Could Emacs be rewritten in Python?
Robin Munn
rmunn at pobox.com
Mon Apr 14 12:50:40 EDT 2003
Paul Foley <see at below.invalid> wrote:
> On Mon, 14 Apr 2003 05:52:31 GMT, Carl Banks wrote:
>
>> Ok, let me back off a bit. That you might want to change a program's
>> state in a dynamic scope is reasonable.
>
>> Typically, however, that kind of thing should be handled by passing
>> objects around as arguments. For example, consider the use of current
>> buffer in Emacs. (We are still leaving Emacs issues out of it; I'm
>> just using it as an example of bad programming.) Most functions in
>> Emacs operate on the current buffer, a piece of global state.
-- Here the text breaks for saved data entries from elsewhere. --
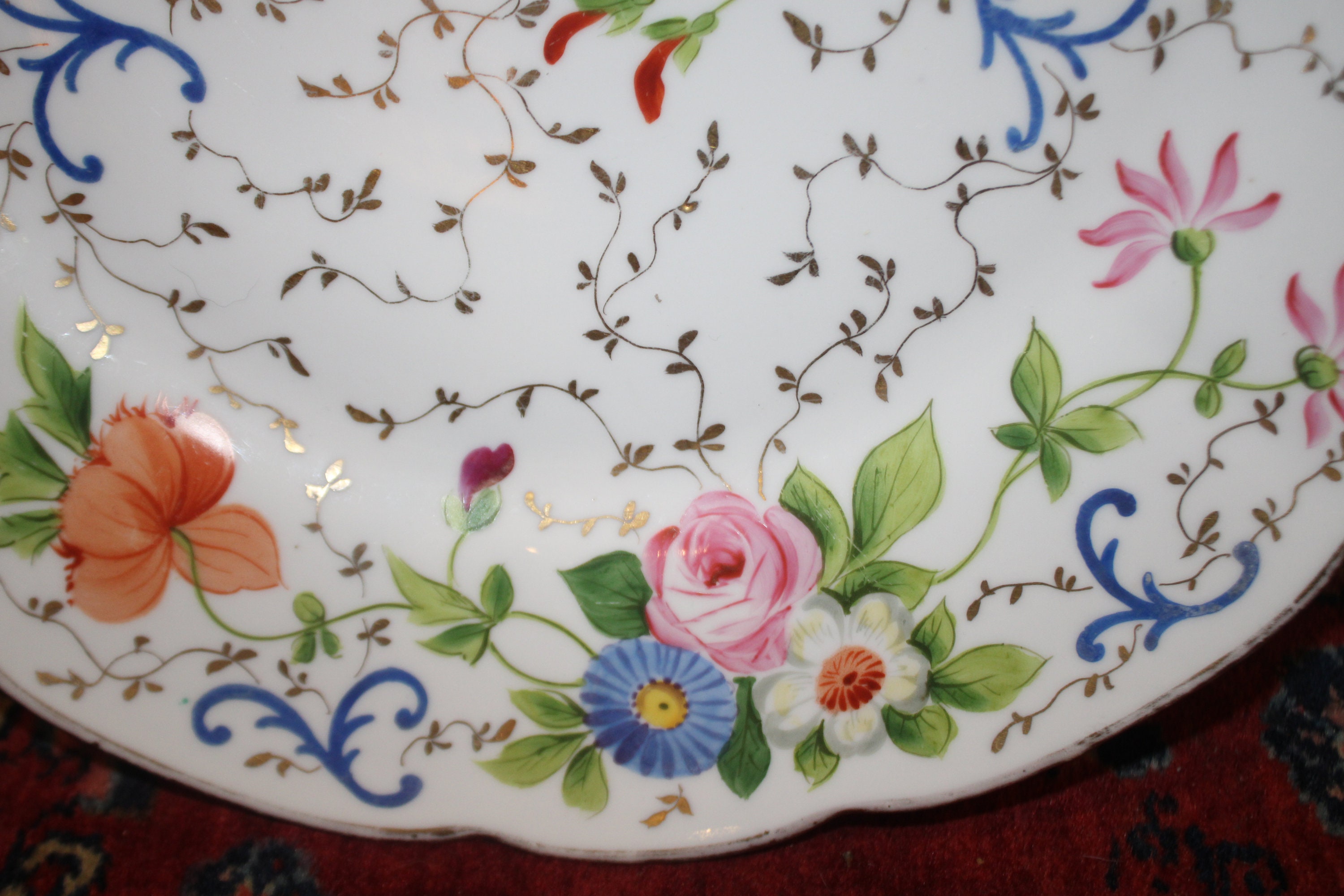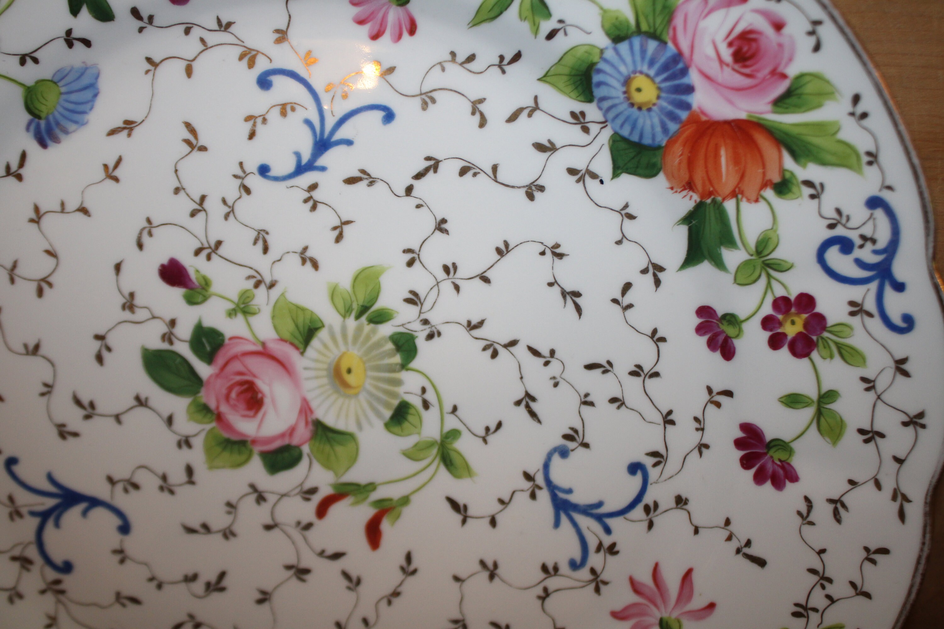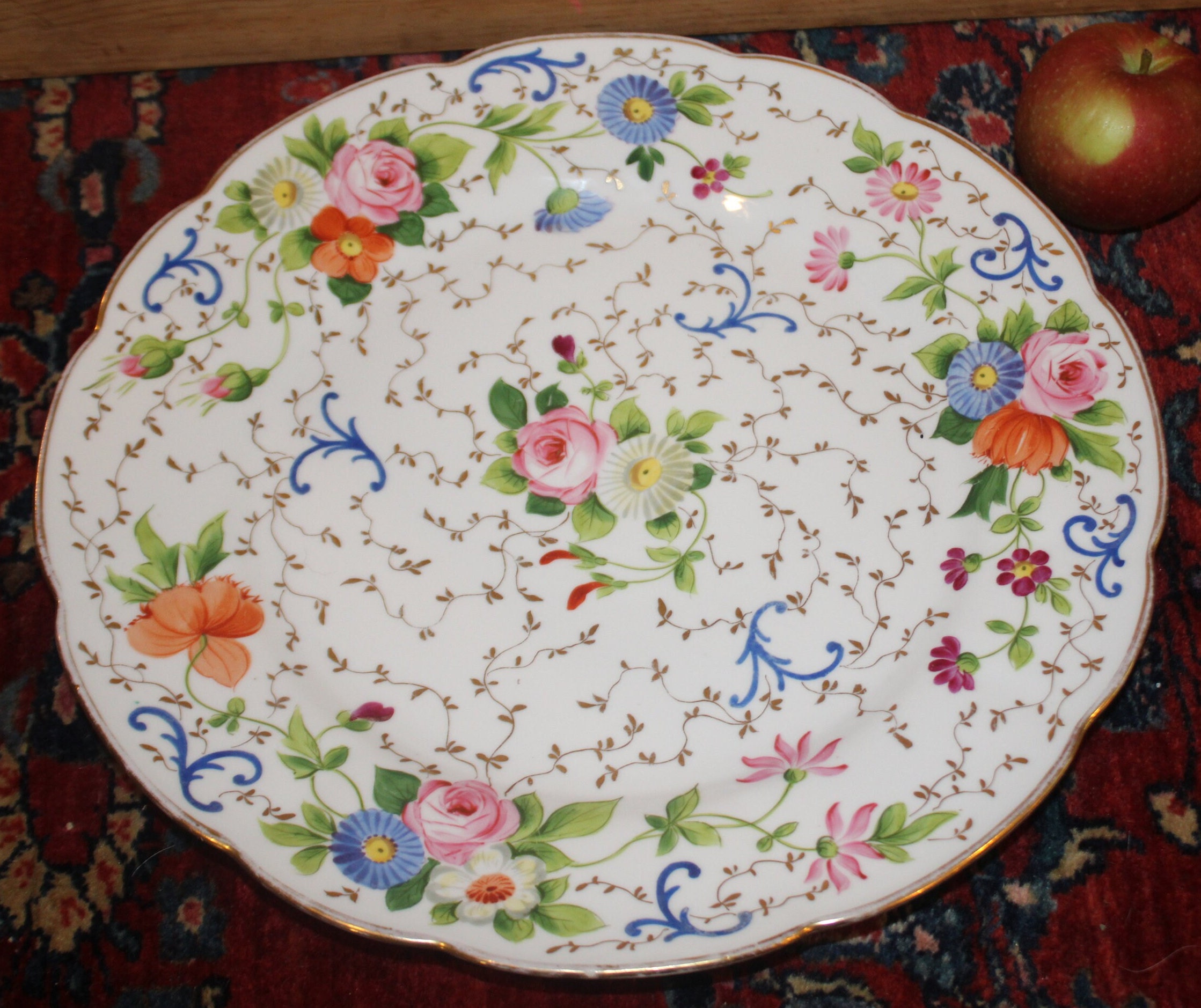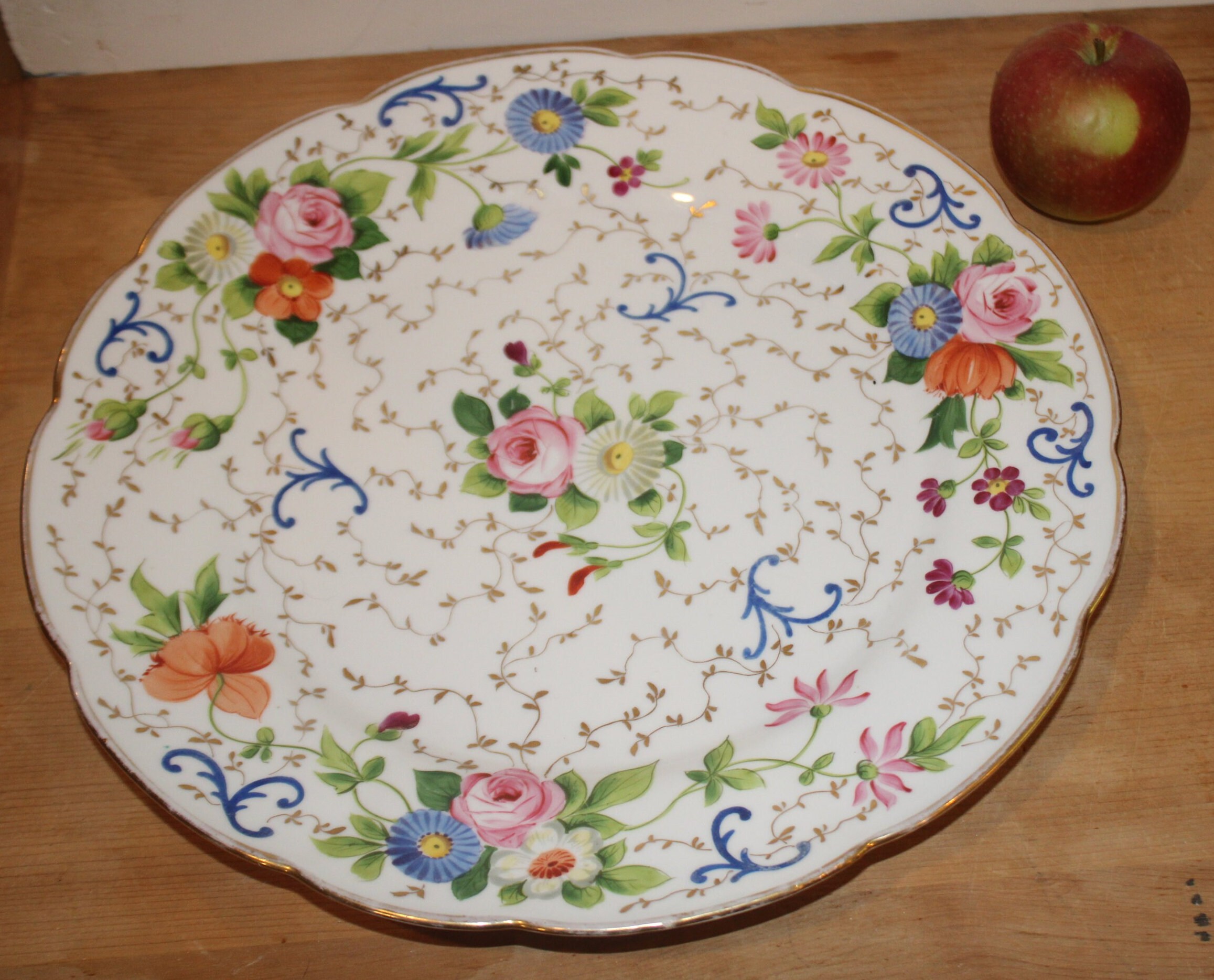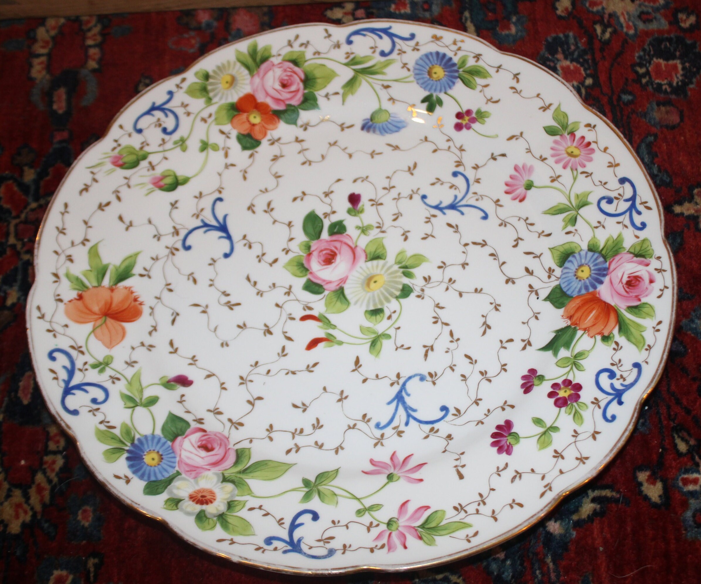 Handpainted Floral Cake Plate - Charles Reizenstein Saxe Allegheny Pa, 13"
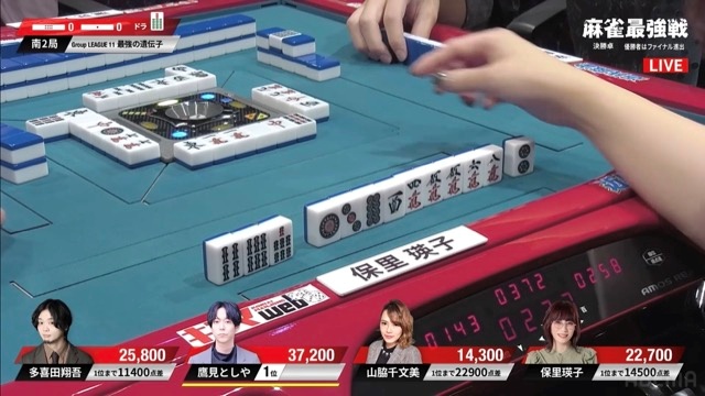 しかし、保里はそれを良しとせず、どちらの字牌にも手をかけなかった。
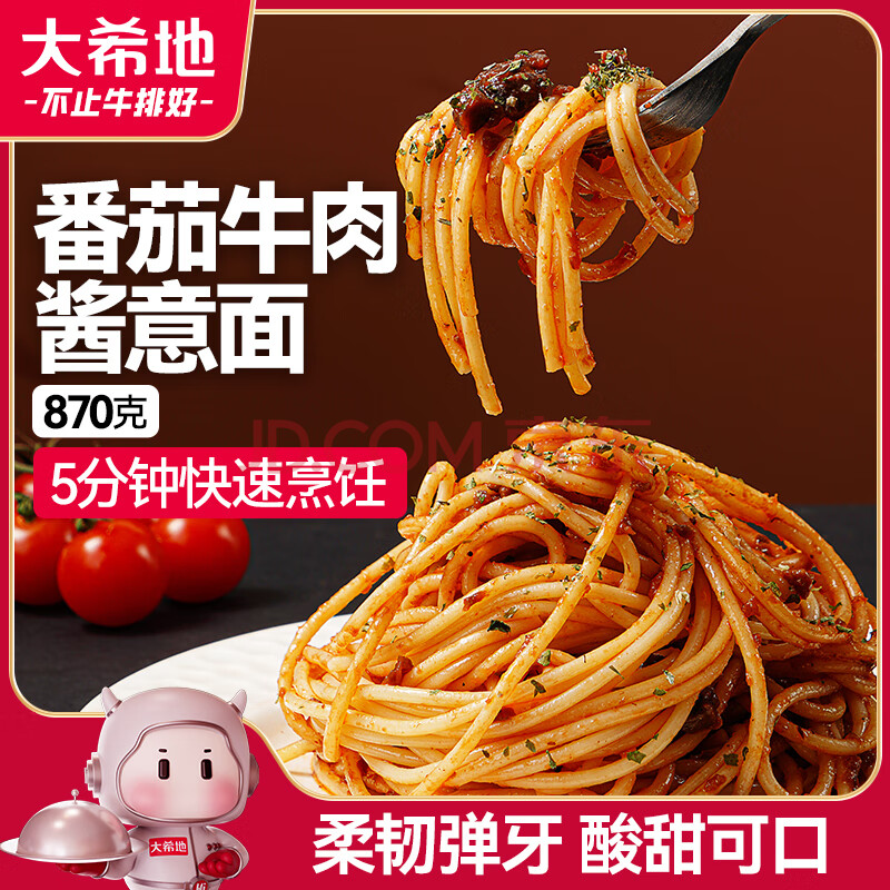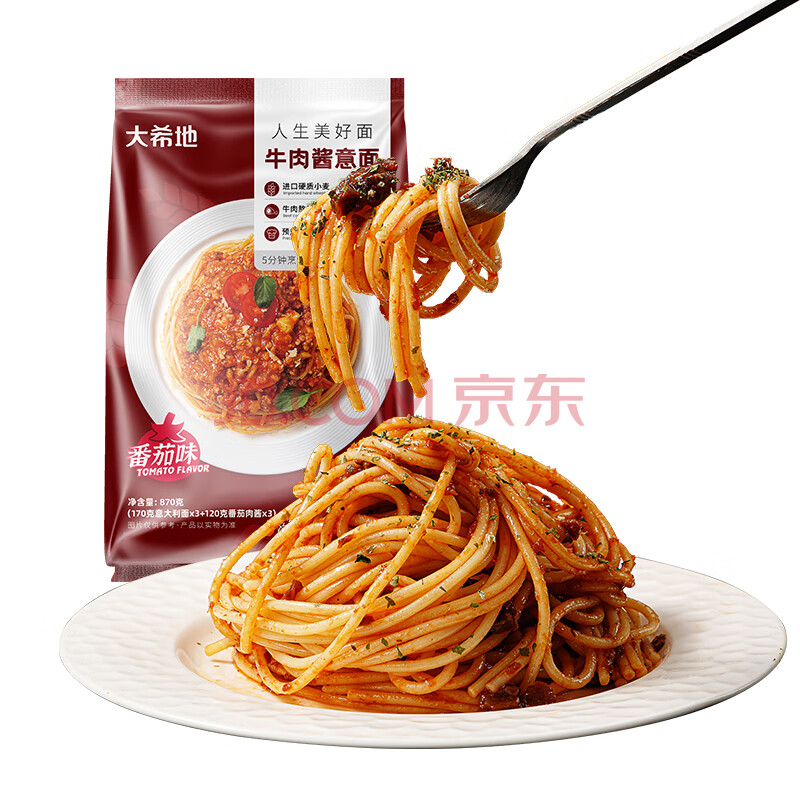 商品名称:大希地 番茄牛肉酱意大利面870g 3袋装 家庭冷冻意面 方便速食

In
>> order to operate on a non-current buffer, you have to temporarily
>> change the current buffer. That is bad programming; functions should
>> take the buffer to operate on as an argument.
>
> Don't forget the ~20000 other variables that you'd have to pass around
> as explicit arguments to *every single function*.
>
> Good luck trying to maintain that code!
>
>> However, I think changing a global value within a dynamic scope, in
>> situations where it wouldn't be better to pass around an argument, is
>> a very uncommon concern.
>
> Well, you think wrong.
>
>> So if you need that kind of thing, please don't destroy the language
>> by adding dynamic scoping. Just live with a try ... finally.
>
> I.e., write broken and fragile code just to avoid a perfectly good
> construct that you happen to dislike for religious reasons.
> Brilliant!
How is try ... finally "broken and fragile code"? How is this:
try:
old_stdout = sys.stdout
new_stdout = cStringIO.StringIO()
sys.stdout = new_stdout
function_whose_output_I_want_to_capture()
do_something_with(new_stdout)
finally:
sys.stdout = old_stdout
in any way inferior to this (making up a semi-Pythonic syntax):
with sys.stdout = cStringIO.StringIO():
function_whose_output_I_want_to_capture()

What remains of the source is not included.